Google Analytics Alerts You Need Now (Updated!)

Jul 15th 2014

Google Analytics Alerts You Need Now (Updated!)

Google Analytics is the know-all intelligence source for actionable decisions: if someone comes to your site and behaves in a certain way, it translates their action(s) into a metric — session duration, pages visited, behavior flow–and provides it to you as quantitative data. As advertisers and digital marketing experts, we’re tasked with collecting that data and forming a strategy based on it. But what about those times when you’re not looking?

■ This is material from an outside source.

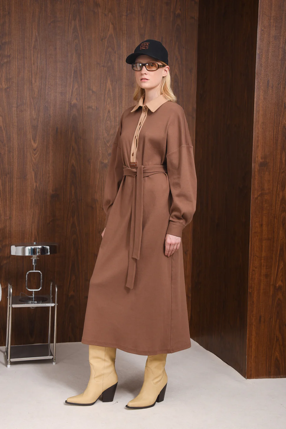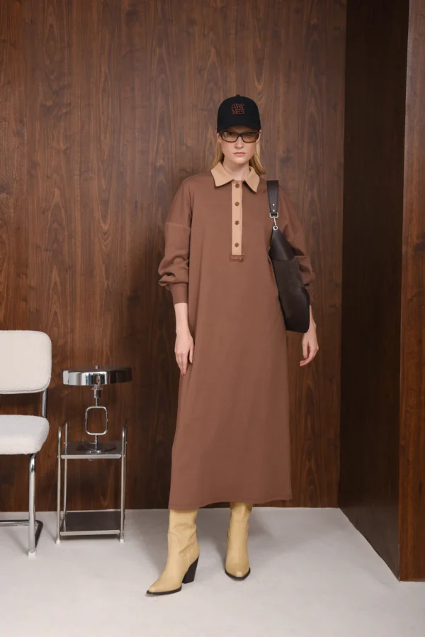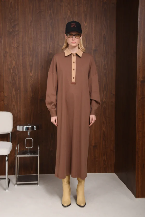 Το ARPYES Real Dress Brown αποπνέει διαχρονική κομψότητα μέσα από το minimal design και τη γήινη του απόχρωση. Ο μπεζ γιακάς και η αντίθεση στην πατιλέτα δίνουν μοντέρνα πινελιά, ενώ η αποσπώμενη ζώνη αναδεικνύει τη μέση για μια θηλυκή σιλουέτα.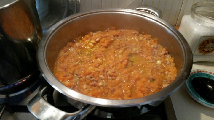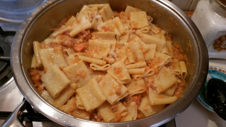Per 4 persone. Far soffriggere a fuoco bassissimo una cipolla tritata, 100 grammi di pancetta a cubetti, due pezzi di salsiccia sbriciolata. Quando la cipolla è appassita far sfumare con meno di mezzo bicchiere di vino bianco e aggiungere 8 castagne morbide sminuzzate grossolanamente. Aggiungere 800 grammi di zucca tagliata a cubetti. Mettete il coperchio e fate cuocere fino a quano la zucca diventa morbida e quasi disfatta. Scolate i paccheri molto al dente e fateli saltare nella padella con il sughetto. Cospargere di parmigiano e servire.

Maybe it’s after-hours, or your workload has increased and you haven’t had a chance to stare-down your usual metrics, or maybe you never thought to look at month-over-month Direct traffic. For these cases and more, Google Analytics has provided us with Alerts to keep us up-to-date on data irregularities. Below are a few of our favorite daily and recurring Google Analytics Alerts that we use for our clients.

All Traffic Drop

This one is highly contingent on the amount of sessions you average each month, but should find a way to apply it. If you have over 1,000 sessions per month, it’s worth setting up. If you have over 10,000 sessions per month, it’s an absolute must.

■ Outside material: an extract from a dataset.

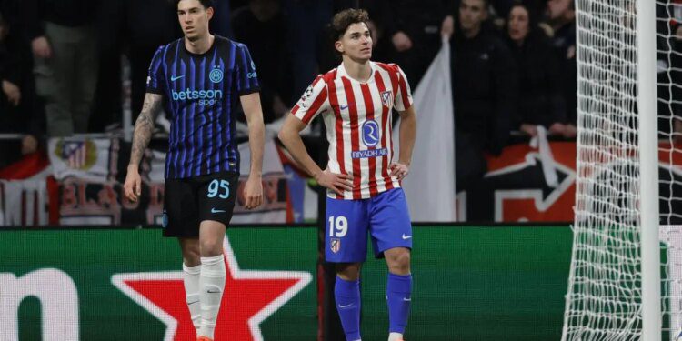MADRID (SPAGNA) (ITALPRESS) – Cade l’imbattibilità stagionale in Champions League dell’Inter. Dopo il derby perso contro il Milan in campionato, la squadra di Chivu viene sconfitta 2-1 al Metropolitano dall’Atletico Madrid di Diego Simeone, che trova il gol vittoria con Gimenez al 93′, in risposta al momentaneo pareggio di Zielinski, dopo il vantaggio iniziale dei padroni di casa, firmato Alvarez. Una beffa per i nerazzurri che restano a 12 punti nel gruppo d’alta classifica in compagnia di Psg, Bayern Monaco e Real Madrid, alle spalle solo dell’Arsenal capolista (15). La lunga scia di rimpianti è accompagnata dalle tante occasioni costruite da Bonny e compagni. Le prime chance sono infatti dell’Inter. Al 3′ doppia occasione per Dimarco che prima ci prova su punizione dalla destra (sfera respinta da Musso) e poi con un rasoterra da posizione defilata che termina di poco fuori. Alla prima vera chance, però, passa l’Atletico. Al 9′ un cross dalla destra del figlio d’arte Giuliano Simeone, leggermente deviato, porta ad una carambola in area che favorisce il tocco vincente in rete di Alvarez. L’arbitro Letexier annulla inizialmente l’1-0 per un presunto tocco col braccio di Baena nel rimpallo con Carlos Augusto, ma il Var lo richiama e al monitor il direttore di gara sceglie di convalidare quella che è la decima rete in quattordici presenze europee con i colchoneros del bomber argentino.

Here’s what an All Traffic Drop looks like in action:

The steps are simple: apply a condition to all traffic when you see a dip in sessions. Feel free to play with your Top Dimension (All Traffic) and specify any dimension you want: create a second custom Alert for pinging you when a certain state or international traffic suddenly sees a large reduction in traffic. This Google Analytics Alert may be your first indication if your website goes down overnight. More often than not we find this issue if an AdWords campaign has gone down or a tag suddenly goes missing.

Analytics Flatline

If you’re a marketing professional or agency who has someone other than your own web developer making changes and adding tags, this Alert is crucial. Constant upgrades to Analytics, coupled with tag management and third-party code are always a threat to messing up your reporting. This Alert lets you know that if your sessions absolutely tank–90% drop or more–that there’s probably something wrong with the way Analytics is communicating with your website.

Here’s what the Analytics Flatline looks like in action:

I also highly recommend duplicating this same alert and applying it to “Source / Medium” – “google / cpc” and “impressions less than one” on a specific day, if you’re running an AdWords account. There’s a good chance this custom Alert will show you that your ads were disapproved or your campaign is down for some reason or another.

Direct Traffic Change Spike

Often, email marketing, off-line efforts, social and other online campaigns can become un-tagged as changes and updates are made to your marketing. Email marketing is the biggest culprit–check any lead generation company’s Direct traffic and you’ll probably see very high peaks on the first, middle and last of the month–but offline marketing through print, radio and TV can also show very significant direct traffic spikes. Here’s how to set a custom Alert so you can ask your client or co-workers about anything they might have forgotten to tag for Analytics, or see if your newest offline campaign is having an effect:

Self-Referral Traffic

As an Analytics nut in digital marketing, there’s nothing more frustrating than seeing “Domain.com / Referral” pop up in your traffic report, especially when there are conversions and sales being attributed to that source rather than your chosen advertising medium. Because of that, this Alert is set rather aggressively–any time there’s at least one session of traffic reporting from your own domain, you’ll get an email. This allows you to address any on-site tagging issues or see if a third party is getting in the way–conversion forms, SlideShare, etc.

Likewise, if you have a known self-referral issue but it isn’t a problem–it’s calculated into your reporting or you know its source–then you could change this alert’s condition to “% increases by more than” and then a percentage, likely 10-15%.

Google Shopping Feed Down (E-Commerce)

This is an AdWords-specific alert, but if you have a Google Shopping feed, this one’s worth your while. It’s set so that any time your feed has less than one impression on a given day, you’ll receive an alert within 24 hours. With how touch-and-go Google Merchant Center can be, this Alert is the insurance you need to potentially save you or your client thousands of lost dollars in a month or quarter.

What Google Alerts do you find to be “must-haves” for your company or clients?